• The task
Copy exactly the lines from the one containing "Arel spindle motorlar" through the last line of the records below, both included, and leave out the pictures.

[Stored entries]
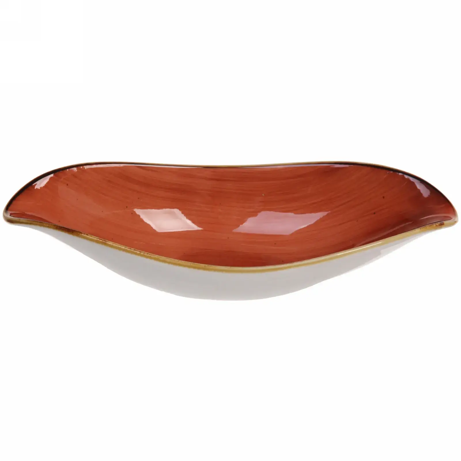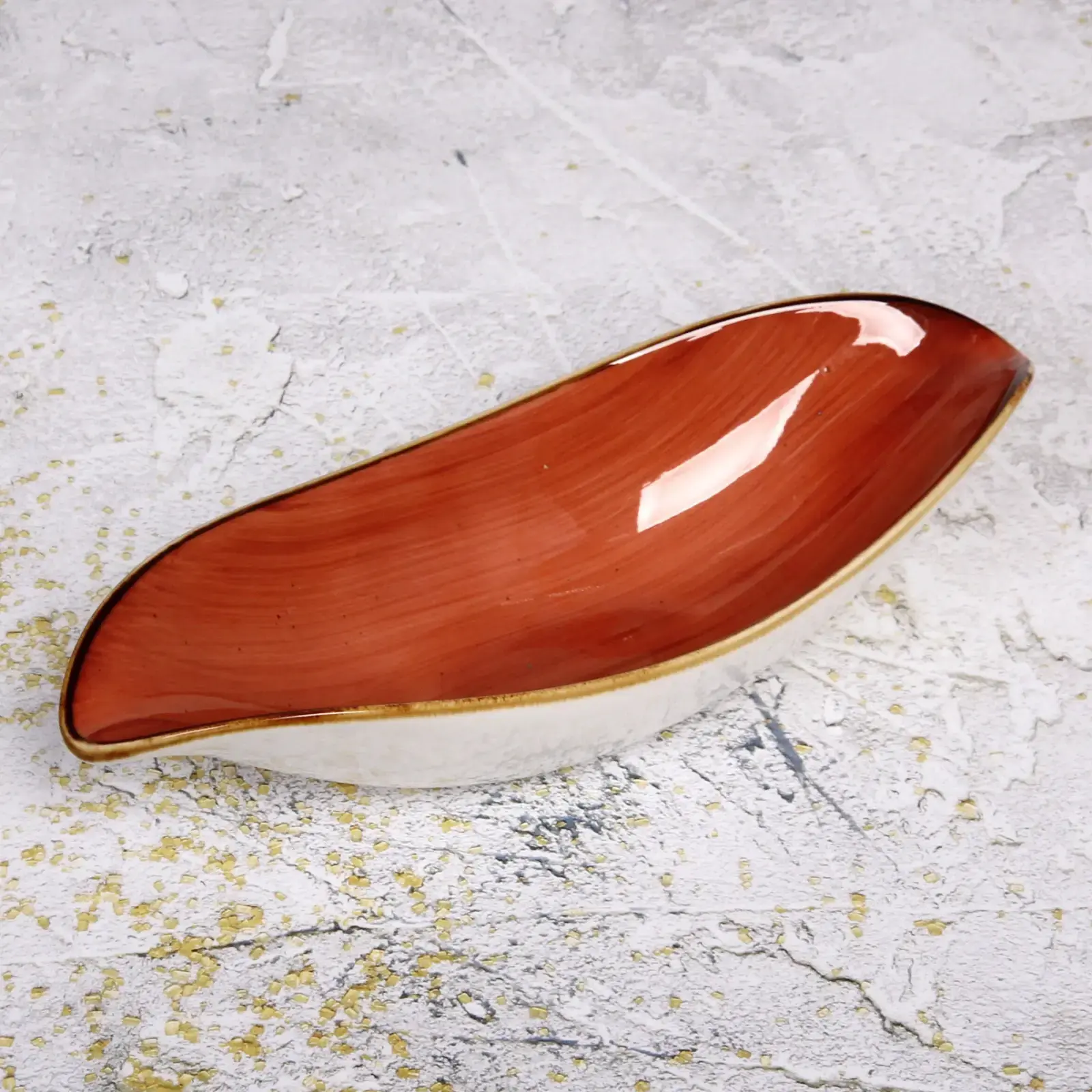 Размер 31×11,2×7 см оптимален для порционной подачи блюд. Контрастное сочетание насыщенного оранжевого интерьера и белого экстерьера с золотистой полосой добавляет изысканности любой сервировке. Особенная лодкообразная форма создаёт эффектную презентацию кулинарных композиций.
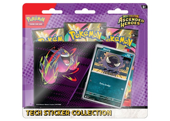 Each Pokemon Mega Evolution Ascended Heroes Gastly Tech Sticker Collection includes 3 booster packs and more!
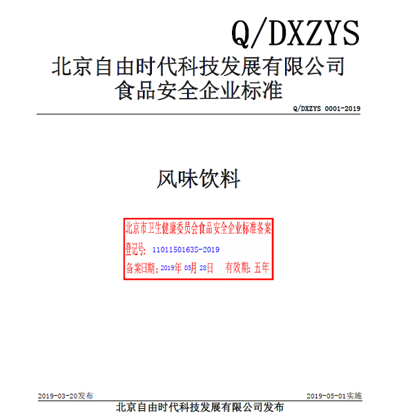 北京自由時代科技發(fā)展有限公司本次備案的企業(yè)標準《風味飲料》,經(jīng)過我公司技術(shù)人員池建敏老師的編寫、備案,所提交的材料符合北京市衛(wèi)健委的備案要求,于2019年05月成功備案并在北京市食品安全標準管理系統(tǒng)公示。
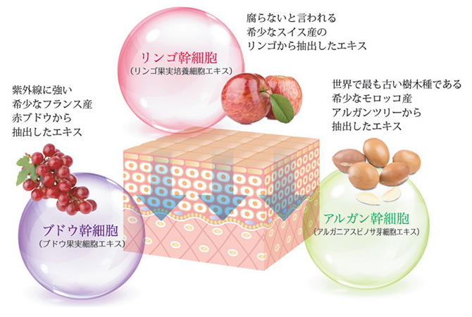 3つの希少な「植物幹細胞成分」が肌細胞の生まれ変わりを担う。
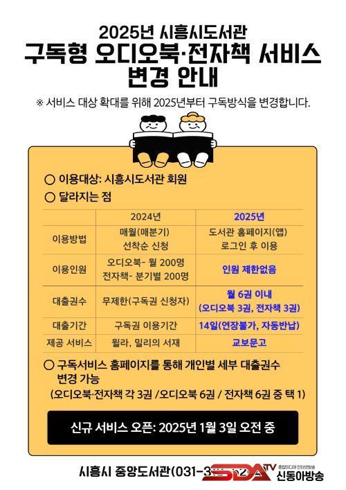 2025³âºÎÅÍ´Â º°µµÀÇ ½Åû ÀýÂ÷ ¾øÀÌ ½ÃÈï½Ãµµ¼°ü ȸ¿øÀ̶ó¸é ´©±¸³ª ÀüÀÚÃ¥°ú ¿Àµð¿ÀºÏÀ» ÀÚÀ¯·Ó°Ô ÀÌ¿ëÇÒ ¼ö ÀÖ´Ù. ´Ù¸¸, ¿øÈ°ÇÑ ¼ºñ½º ¿î¿µÀ» À§ÇØ 1ÀÎ´ç ¿ù ´ëÃâ °¡´É ±Ç¼ö´Â 6±ÇÀ¸·Î Á¦ÇѵǸç, ¼ºñ½º ÀÌ¿ëÀº 1¿ù 3ÀϺÎÅÍ °¡´ÉÇÏ´Ù.
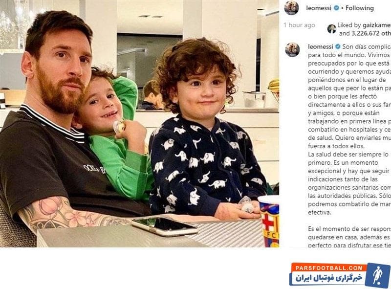 عکس ؛ پیام مهم لیونل مسی برای مبارزه با ویروس کرونا
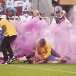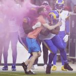 The Rams linebacker flattened the protester who ran on the field with a device emitting pink smoke late in the second quarter of Los Angeles’ game against the San Francisco 49ers on Monday night.
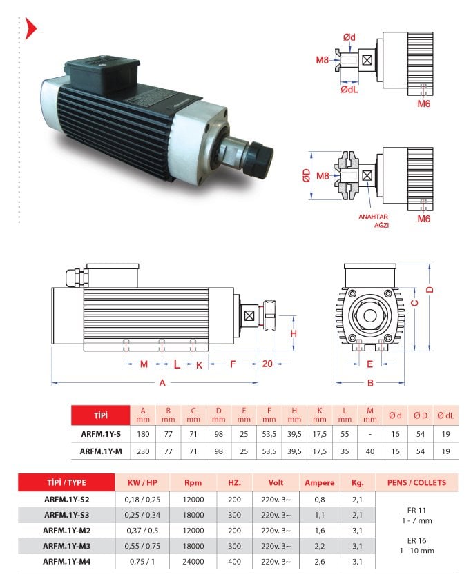 Arel spindle motorlar 0,55 kw gücünde 300 hertzde 18000 devir ile spindle dönmektedir.Er16 mil standardı ile 1-10 mm çaplarında takımlar ile işleme yapabilirsiniz.
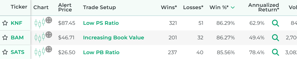 Subscribers can see all stock scan results at once and sort by the ones that have the best backtested performance. But we also cater to a variety of different ways to search and filter stocks.
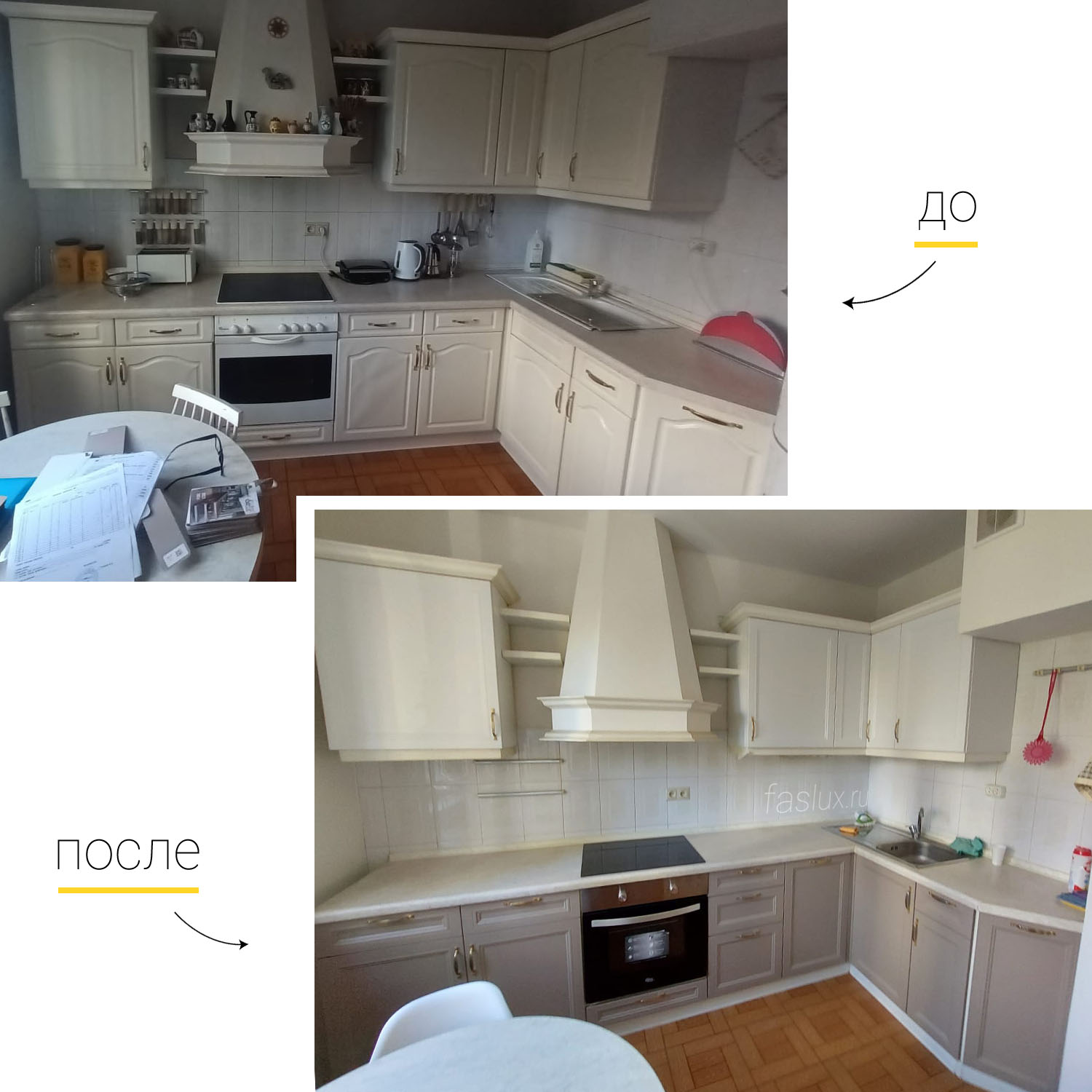 Заменили верхние и нижние фасады МДФ в пленке ПВХ в цветах MAT-01 Катарина (верхние) и MAT-07 Мурило (нижние)
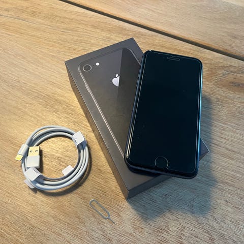 Velfungerende iPhone 8, 64 GB. Model A1905. Space-grey. Lader og ladekabel medfølger ikke. Flot stand. Befinder sig i Aarhus. Kan sendes med GLS til pakkeshop for 50 kroner.
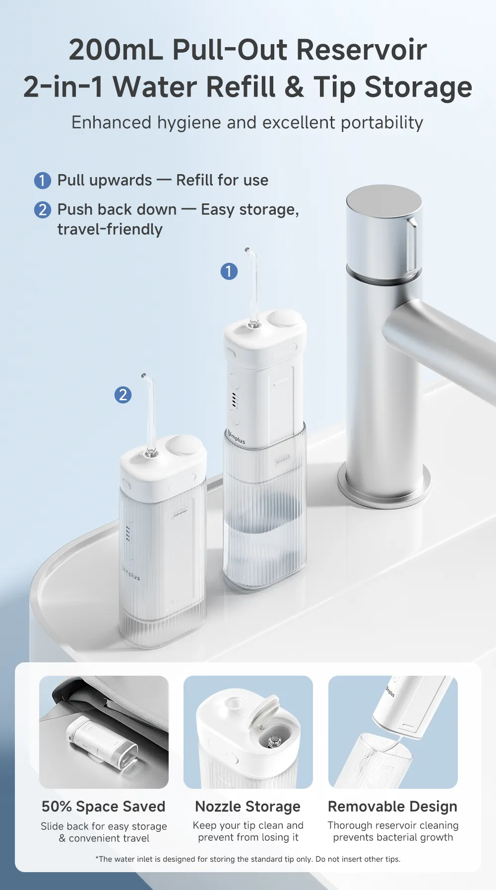 2. To prevent bacterial growth, ensure that no residual water remians in the product. If not in use for an extended period, please remove the reservoir to clean and dry completely for storage.

• Task response
 Arel spindle motorlar 0,55 kw gücünde 300 hertzde 18000 devir ile spindle dönmektedir.Er16 mil standardı ile 1-10 mm çaplarında takımlar ile işleme yapabilirsiniz.
 Subscribers can see all stock scan results at once and sort by the ones that have the best backtested performance. But we also cater to a variety of different ways to search and filter stocks.
 Заменили верхние и нижние фасады МДФ в пленке ПВХ в цветах MAT-01 Катарина (верхние) и MAT-07 Мурило (нижние)
 Velfungerende iPhone 8, 64 GB. Model A1905. Space-grey. Lader og ladekabel medfølger ikke. Flot stand. Befinder sig i Aarhus. Kan sendes med GLS til pakkeshop for 50 kroner.
 2. To prevent bacterial growth, ensure that no residual water remians in the product. If not in use for an extended period, please remove the reservoir to clean and dry completely for storage.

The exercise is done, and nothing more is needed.